Bismarck reporter James MacPherson scooped North Dakota media by revealing just how extensively — and expensively — a state senator had traveled on the taxpayer’s dime.
Republican Sen. Ray Holmberg, who recently announced he would end his 46-year-career following a report that he had traded scores of text messages with a man jailed on child pornography charges, was already known around the state Capitol as a frequent traveler. But MacPherson was the first to quantify just how extensive Holmberg’s travel was — more than 14 times the average for lawmakers over the past decade.
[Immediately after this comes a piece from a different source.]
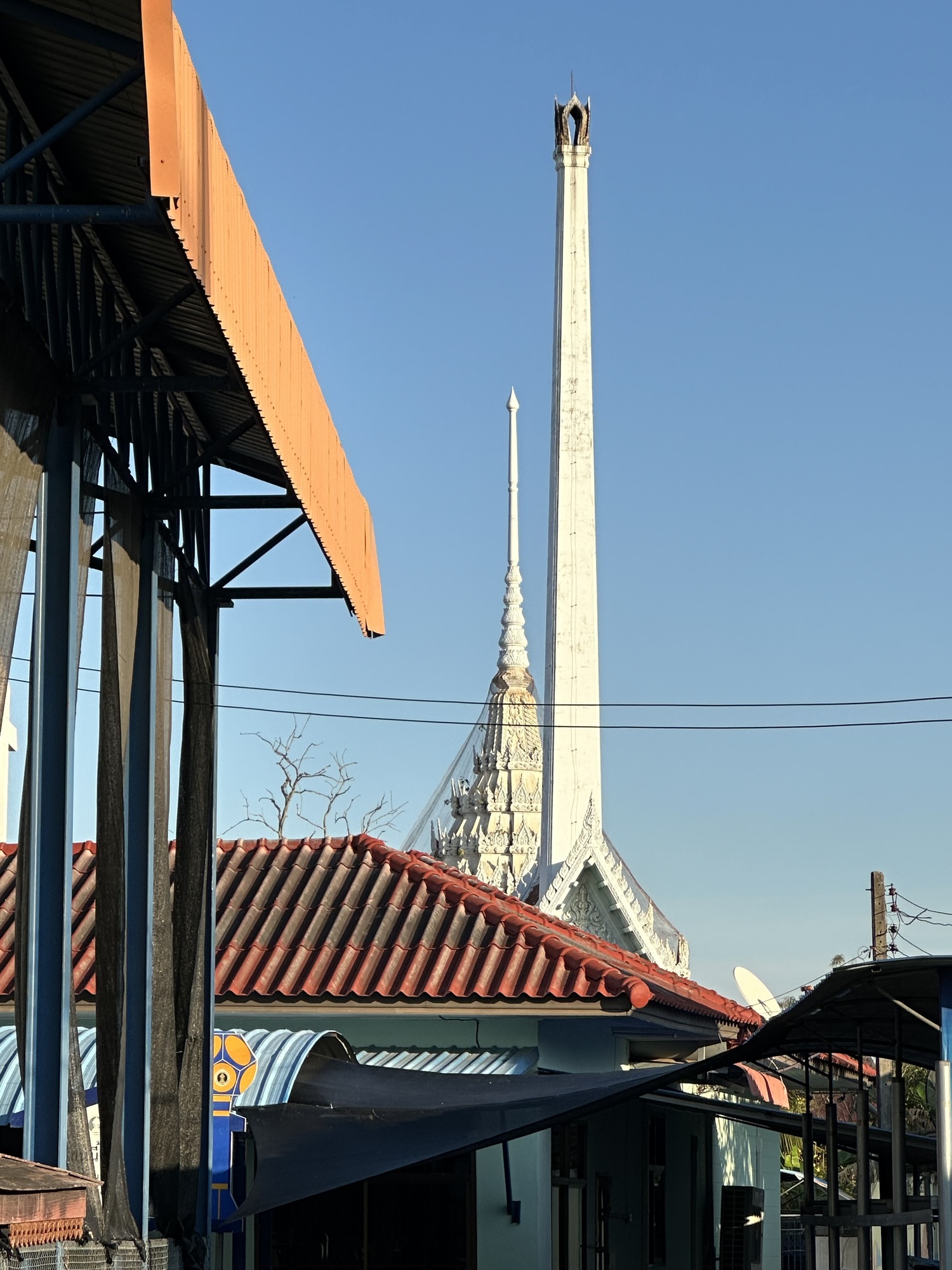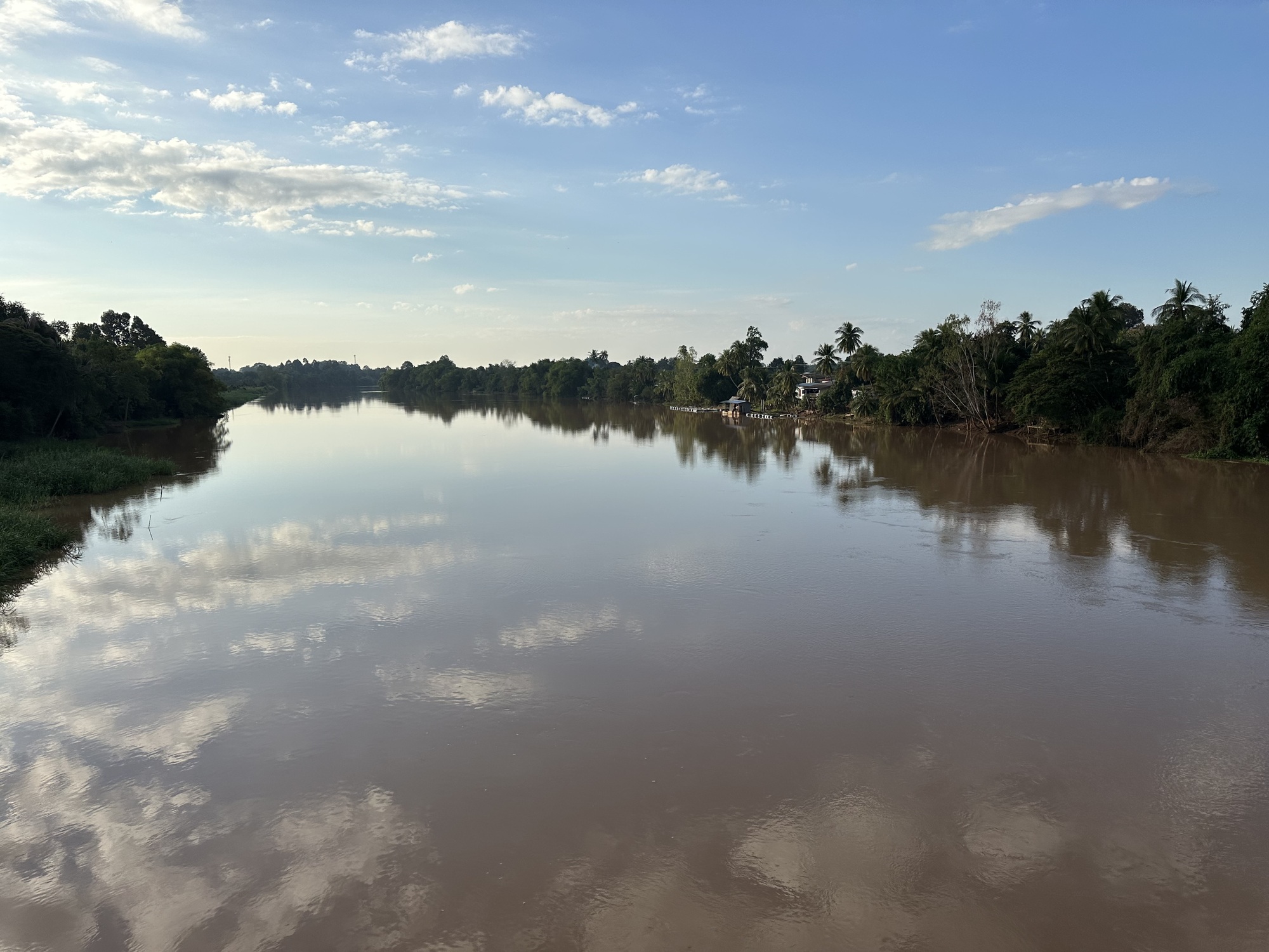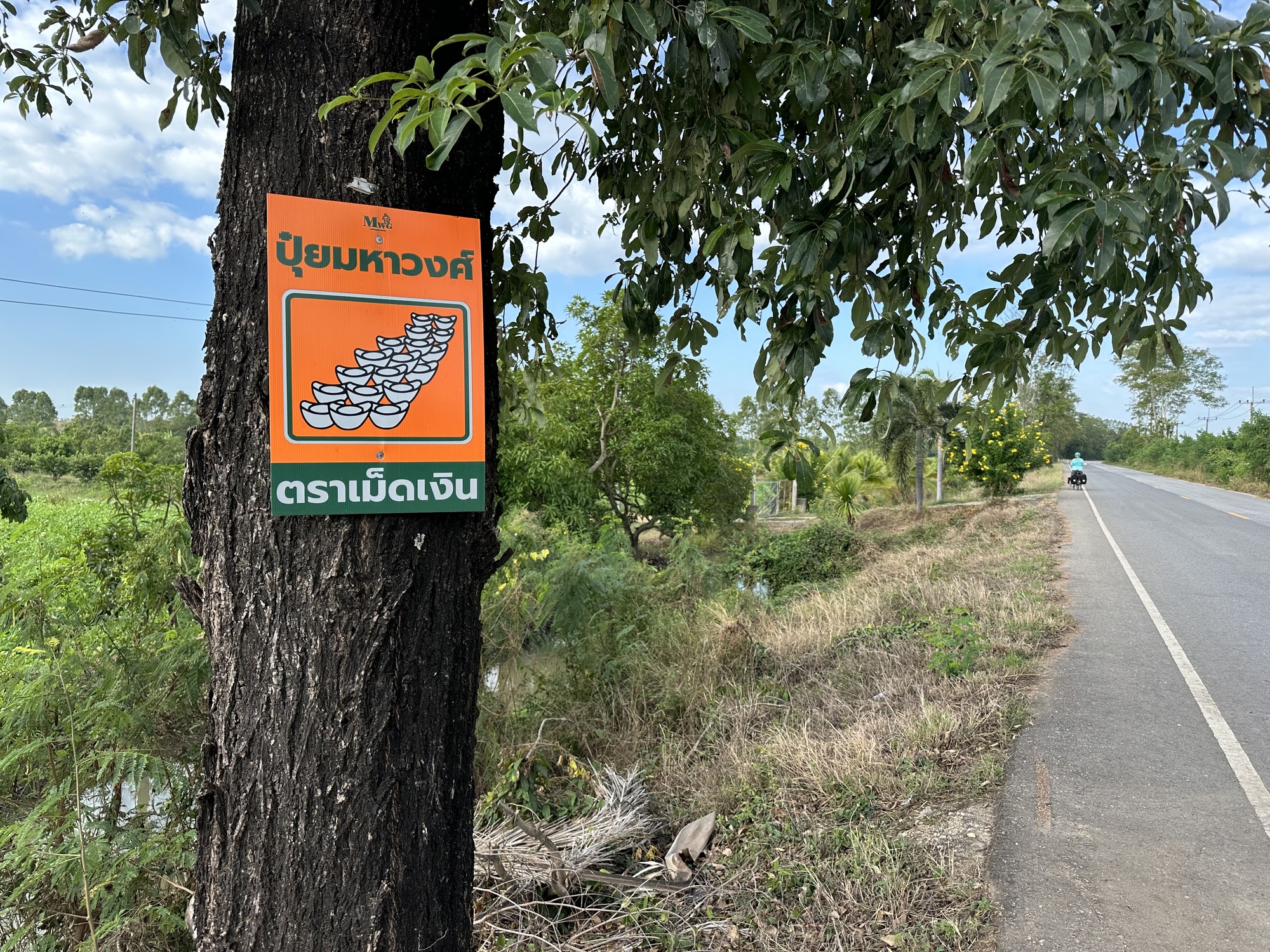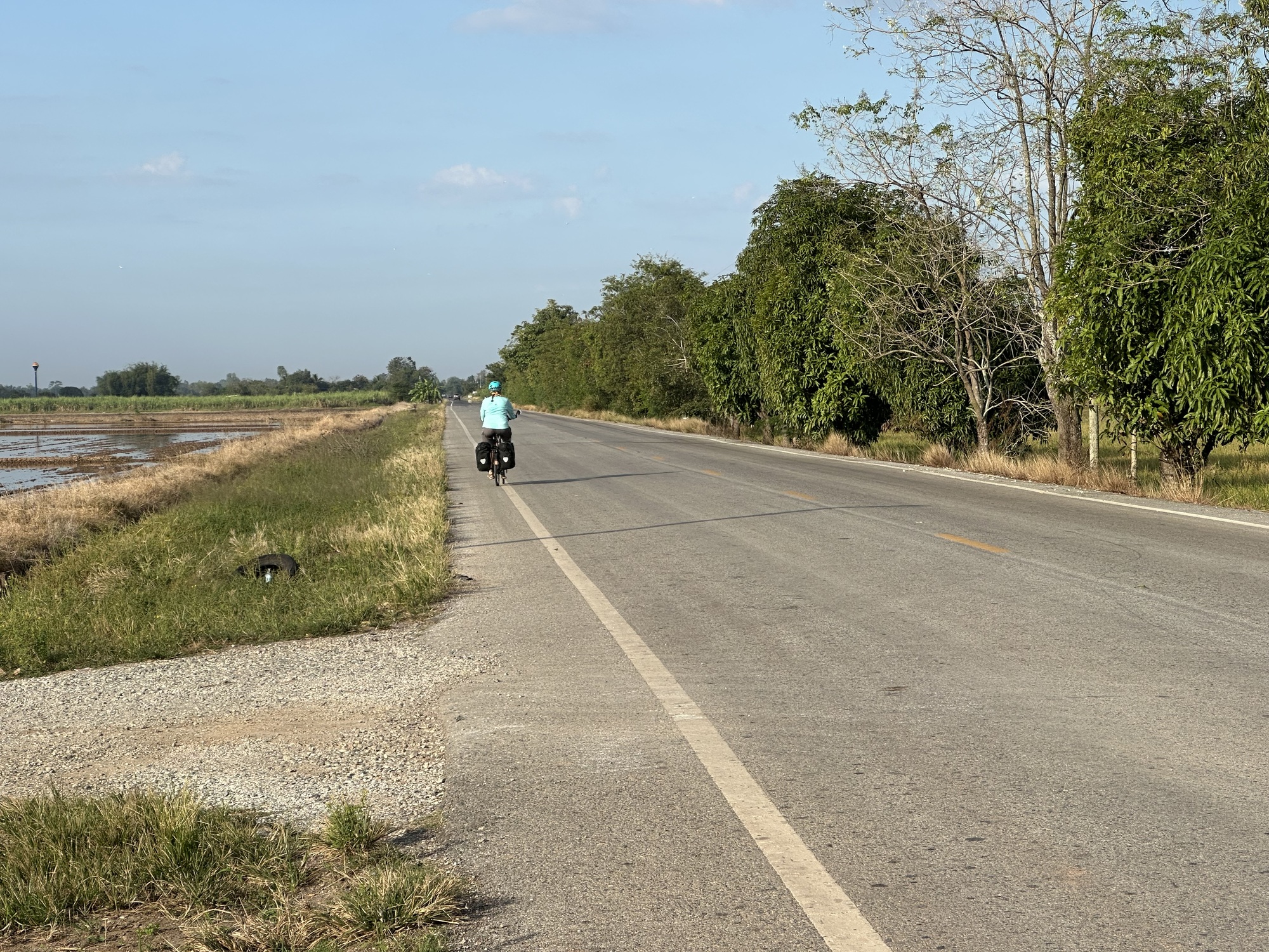 We crossed the Nan River which seemed very full. We were in the town of Nan early in our trip as I'm sure you remember. Whenever we cross a river we have been following upstream earlier in our trips I always wonder if some of the water we saw then is now just swirling around here. OK, it's a stupid thought but when one is just riding along rice fields in various stages of rice and we are constantly dodging clay clods in the median and birds that were singing on the electric wires until just as we pass and then they stop and just stare down at us, I start thinking about a lot of things. I wonder what those birds are thinking when they stare at us. Is their first thought the same thought the Thais have? 'Hmm, Farang.' (Foreigners) Farang on bikes. Is that why they stop singing? They are a bit dumbfounded as they look down on the foreigners with all their panniers and funny looking bikes? These are just a few of the thoughts I have. So, you can imagine how an enormous brown teak leaf falling quickly, transported by what had been a really beneficial tailwind, was projected to smash me full on in the face and how that can suddenly end my normal thought processes. Cycling is serious business! There is a lot going on!

MacPherson filed a Freedom of Information Act request and obtained data stretching back 10 years — records earlier than that were sketchy — and after spending hours going through the documents was able to report that Holmberg's taxpayer-funded trips to four dozen U.S. cities, China, Canada and several countries in Europe, ran up expenses that far exceeded the norm for his fellow lawmakers. And Holmberg, the state’s longest-serving senator, held a position that allowed him to approve his own travel.
Holmberg’s travel expenses were apparently legal, but raise questions of oversight and accountability.
North Dakota media pounced on the story — The Bismarck Tribune, AP’s largest member in the state, displayed it prominently online and atop the print edition — and the state’s attorney general praised MacPherson’s work.